The epidemiology and spread of drug resistant human influenza viruses

Highlights

• Changes in the circulation of antiviral-resistant influenza viruses have occurred.

• All human influenza viruses are currently resistant to the adamantanes.

• Little resistance has been observed to zanamivir or laninamivir.

• The potential for oseltamivir-resistance in the A(H1N1)pdm09 virus is concerning.

• Permissive mutations mean that oseltamivir-resistant viruses can retain fitness.

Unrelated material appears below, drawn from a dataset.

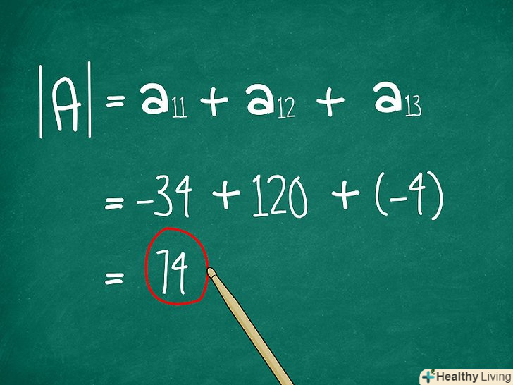 Складіть отримані результати. Це останній крок. Вам необхідно скласти отримані алгебраїчні доповнення елементів опорного рядка (або опорного стовпця). Складіть їх разом, і ви отримаєте значення визначника матриці 3x3.- У нашому прикладі визначник дорівнює-34 + 120 + -12 = 74.

Significant changes in the circulation of antiviral-resistant influenza viruses have occurred over the last decade. The emergence and continued circulation of adamantane-resistant A(H3N2) and A(H1N1)pdm09 viruses mean that the adamantanes are no longer recommended for use. Resistance to the newer class of drugs, the neuraminidase inhibitors, is typically associated with poorer viral replication and transmission. But ‘permissive’ mutations, that compensated for impairment of viral function in A(H1N1) viruses during 2007/2008, enabled them to acquire the H275Y NA resistance mutation without fitness loss, resulting in their rapid global spread. Permissive mutations now appear to be present in A(H1N1)pdm09 viruses thereby increasing the risk that oseltamivir-resistant A(H1N1)pdm09 viruses may also spread globally, a concerning scenario given that oseltamivir is the most widely used influenza antiviral.

Introduction

While vaccination is the most traditional and widely utilised means of controlling influenza, antivirals that target specific proteins of the influenza virus are also important for treating or preventing influenza infections. Influenza antivirals play a particularly important role in the treatment of hospitalised or severely ill influenza patients and during the early stages of a pandemic when a suitably matched vaccine is unavailable [1]. Two classes of drugs with anti-influenza activity have been available in many countries over the past decade — the adamantanes, namely amantadine and rimantadine; and the neuraminidase inhibitors (NAIs), namely oseltamivir and zanamivir.

The adamantanes, amantadine and rimantadine, have been approved for clinical use since the 1960s and 1980s respectively, and act by blocking the M2 ion channel of influenza A viruses, a critical component required for viral replication. The adamantanes are not effective against influenza B viruses due to the difference in ion channel structure. Early studies that analysed patient samples post-adamantane treatment showed the propensity for both amantadine and rimantadine to rapidly select for resistant strains which had the capacity to spread readily within closed settings [2, 3, 4, 5]. Importantly, resistance against one of the drugs (e.g. amantadine) resulted in complete cross resistance to the other (e.g. rimantadine). These early findings demonstrated the potential for adamantane-resistant viruses to spread into the community in the future.

The NAIs, which were developed in the 1990s, are sialic acid analogues which act by blocking the neuraminidase (NA), an enzymatic protein on the surface of the virus that is critical for release of newly formed virions from the host cell. In addition to orally administered oseltamivir and inhaled zanamivir, two new NAIs, peramivir and laninamivir, have been approved in Japan (and in the case of peramivir also South Korea) and are undergoing late-phase clinical trial in the USA and elsewhere. Peramivir is delivered intravenously and therefore is well suited for the treatment of critically ill patients [6], whereas laninamivir is a long acting inhaled drug, delivered as a single dose that remains active for five to seven days [7]. Although all four NAIs are based on the structure of sialic acid, there are some important differences (Figure 1), such that there is little cross resistance between oseltamivir and zanamivir, that is, resistance against oseltamivir generally does not alter zanamivir sensitivity. However, some cross resistance is observed between zanamivir and laninamivir, and between oseltamivir and peramivir depending on the location of the amino acid mutation in the NA active site.

Due to the high mutation rate of influenza viruses during replication, there are ever-present opportunities for novel variant viruses to arise. On occasions these variant viruses contain mutations in the antiviral target proteins (i.e. the M2 ion channel or the NA) that can reduce drug binding and result in viruses that are considered to be resistant. However, the future success of those resistant viruses is largely dependent on their ‘fitness’ — their ability to replicate efficiently and transmit readily between hosts. Whilst the relative fitness of a resistant strain may be enhanced in patients undergoing antiviral treatment (due to drug inhibiting the competing sensitive viruses), if the inherent fitness of the virus (in the absence of drug pressure) is not high, it is unlikely to efficiently transmit and circulate widely amongst the community. While there are many examples of NAI-resistant viruses that have severely compromised viral fitness (e.g. A(H3N2) viruses with an R292K NA mutation) [8, 9], it is those that replicate and transmit to equivalent or enhanced levels compared to wild type viruses that are the greatest public health concern. Over the past decade there have been numerous examples of adamantane-resistant or oseltamivir-resistant viruses emerging within the community. While some of these resistant viruses have occurred on a local or regional scale and then ‘died out’, other viruses have continued to spread to become the dominant virus on a global scale (Figure 2).